Deep features are extracted from the X-ray images of the differentiation data set between pneumonia and tuberculosis by the VGG16 [43] and ResNet18 [44] models. The deep features that are produced with each model are high dimensional, so they are reduced by the PCA.

3.3.2. SVM Classifier

The SVM solves classification tasks. The algorithm creates a line or hyperplane to categorize the features of the X-ray of pneumonia and tuberculosis with high efficiency. The margin is the distance between the closest data points between classes [45]. The hyperplane determines the performance of the algorithm; the higher the margin, the better the algorithm performs for separating the data set’s features into different classes [46]. The algorithm selects the best maximum margin that a hyperplane has with the maximum distance between class points.

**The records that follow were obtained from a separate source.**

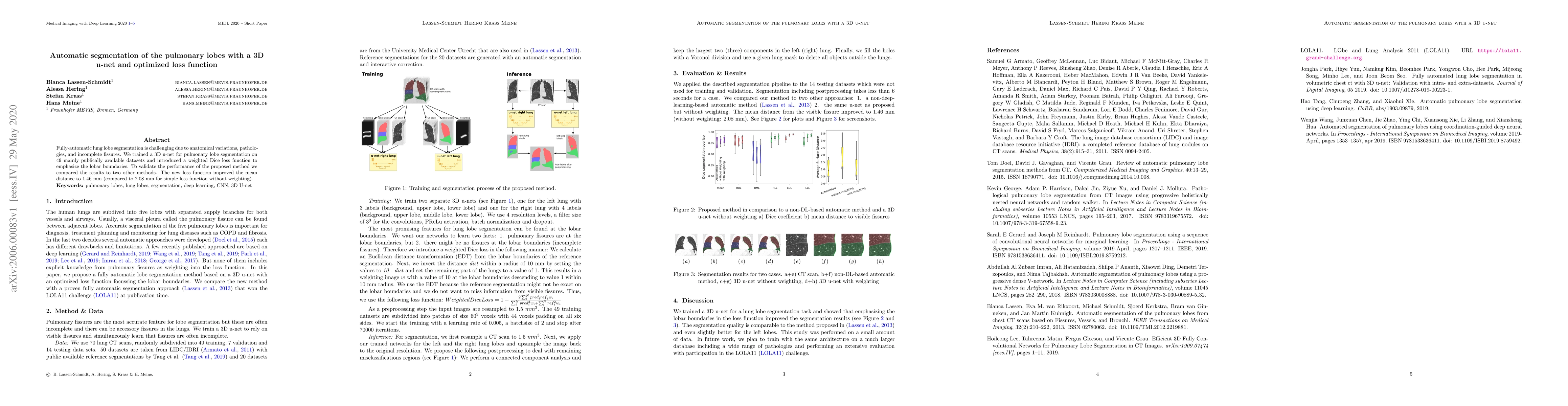 This paper presents a 3D u-net model for automatic segmentation of pulmonary lobes, enhanced with a weighted Dice loss function to better delineate lobar boundaries. The method was validated against other techniques, showing a significant reduction in mean distance error to 1.46 mm compared to 2.08 mm with a standard loss function.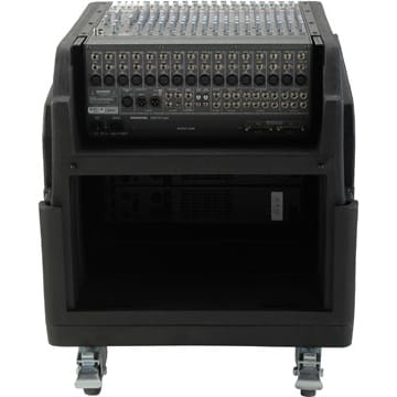 The Mighty GigRig Rolling Rack System has been redesigned from the ground up. The roto molded design features a deeper and longer angled top rack space (14U+) providing ample room for larger analog and digital mixers such as the Yamaha 01V96, Allen & Heath Mix Wizard, and Mackie Onyx. The deep design allows for up to 12U of vertical rack space (6U front rails standard with 6U optional rear rack rails).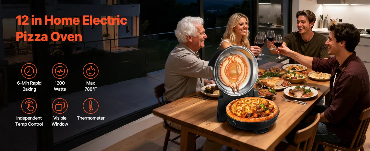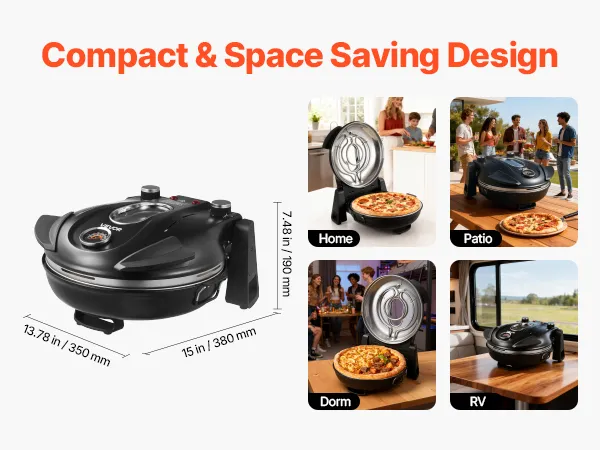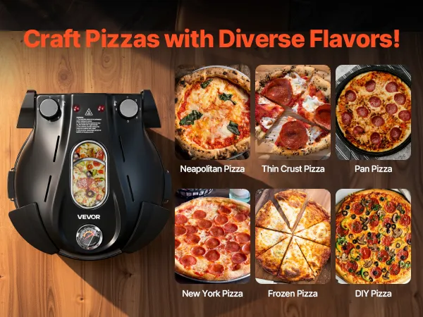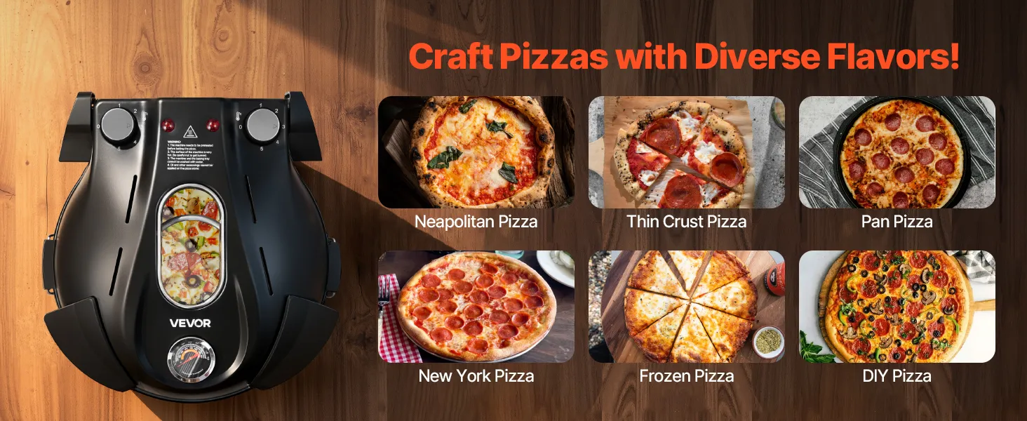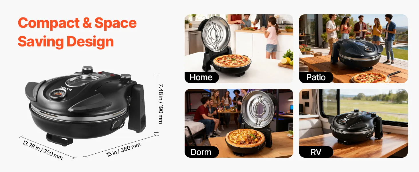 Świetny wybór: Kompaktowy, przenośny i łatwy w obsłudze. Ten piec do pizzy można postawić na blacie lub zabrać ze sobą, aby piec w domu i na zewnątrz. Niezależnie od tego, czy do użytku osobistego, czy do dzielenia się z innymi miłośnikami gotowania, to idealny wybór dla miłośników jedzenia.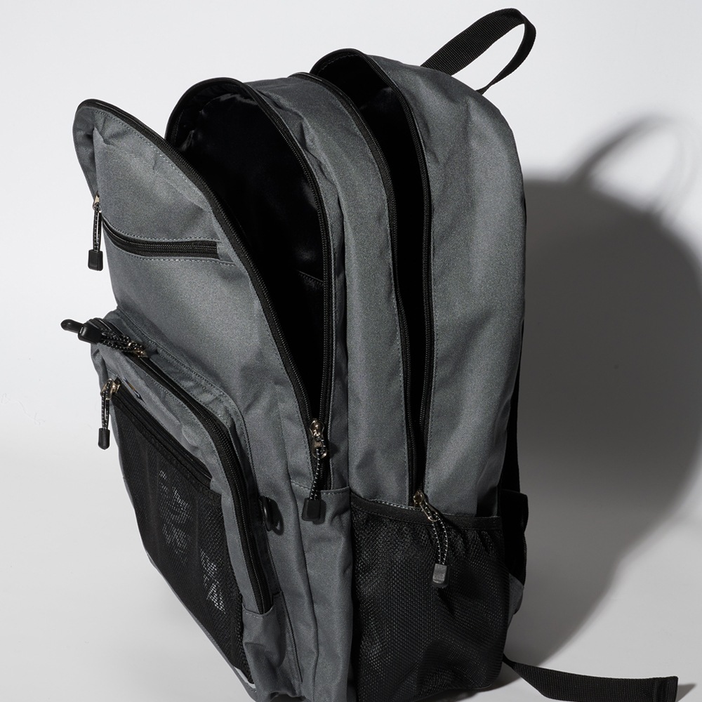 約30Lの大容量なうえ、PCなどを収納するのに便利なクッション入りスリーブや、ペットボトルが入るメッシュ素材のサイドポケット等、その他大小さまざまなポケットが豊富にあるので、こまごましたものもすっきり収納できます。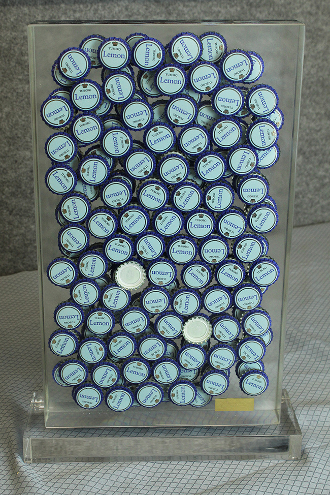 FERNANDEZ ARMAN, "Tuborg lemon", 1996, inclusione di tappi in resina, dim. cm 42x25x5, peso 7,50 kg, esemplare 26/30. L'opera è registrata presso l'Archivio Denyse Durand-Ruel al N°7616. Opera con certificato di provenienza Agorà. Al fronte: tiratura incisa in basso a sinistra. Al verso: firma incisa in basso a destra. Opera con base d'appoggio.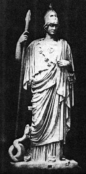 the hairstyle or face. But the statue at right is clearly Athene: even though her helmet is gone, the aegis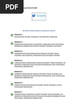 Muaturun borang borang kesihatan mental. Perintah kemasukan sebagai pesakit tidak sukarela ke hospital psikiatri oleh pegawai perubatan atau pengamal perubatan berdaftar. Pekeliling ketua pengarah kesihatan perlaksanaan program imunisasi japanese encephalitis. Borang permohonan kunci keselamatan kad akses.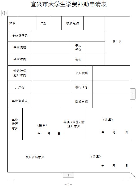 1、《宜兴市大学生学费补助申请表》;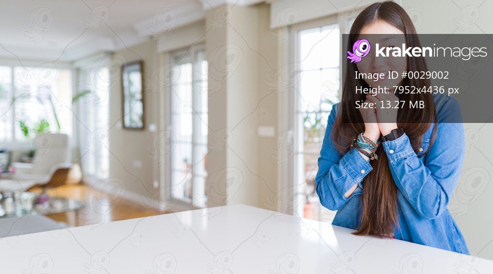 Young beautiful asian woman with long hair wearing denim jacket laughing nervous and excited with hands on chin looking to the side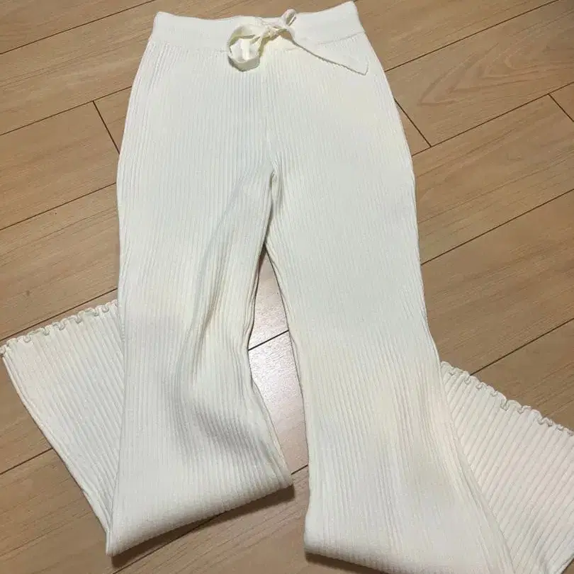 미사용 새상품 Trish 리브 화이트 팬츠 허리 끈 포함

There are two types of algorithm work based on the number of data set classes: linear and non-linear. When a data set is separable, a linear SVM can solve these tasks. When the data set is not linearly separable, the SVM creates a kernel function. The kernel transforms the features of a data set from linearly inseparable to linearly separable. Figure 3 describes the structure of the hybrid method for diagnosing X-rays of pneumonia and tuberculosis.

Figure 3.

Figure 3

Structure framework of the hybrid system for early diagnosis and discrimination between pneumonia and tuberculosis.

When training an SVM based on the RBF kernel, there are two main parameters, C and gamma. Parameter C eliminates failures against the decision surface. The gamma parameter determines the effect of training with low and high values.

The VGG16 and ResNet18 [47] models receive the enhanced X-rays, then extract the features and save them as vectors. Due to the typical production by VGG16 and ResNet18 of high-dimensionality features, the PCA algorithm was implemented to reduce the high dimensionality and fed into the SVM for classification.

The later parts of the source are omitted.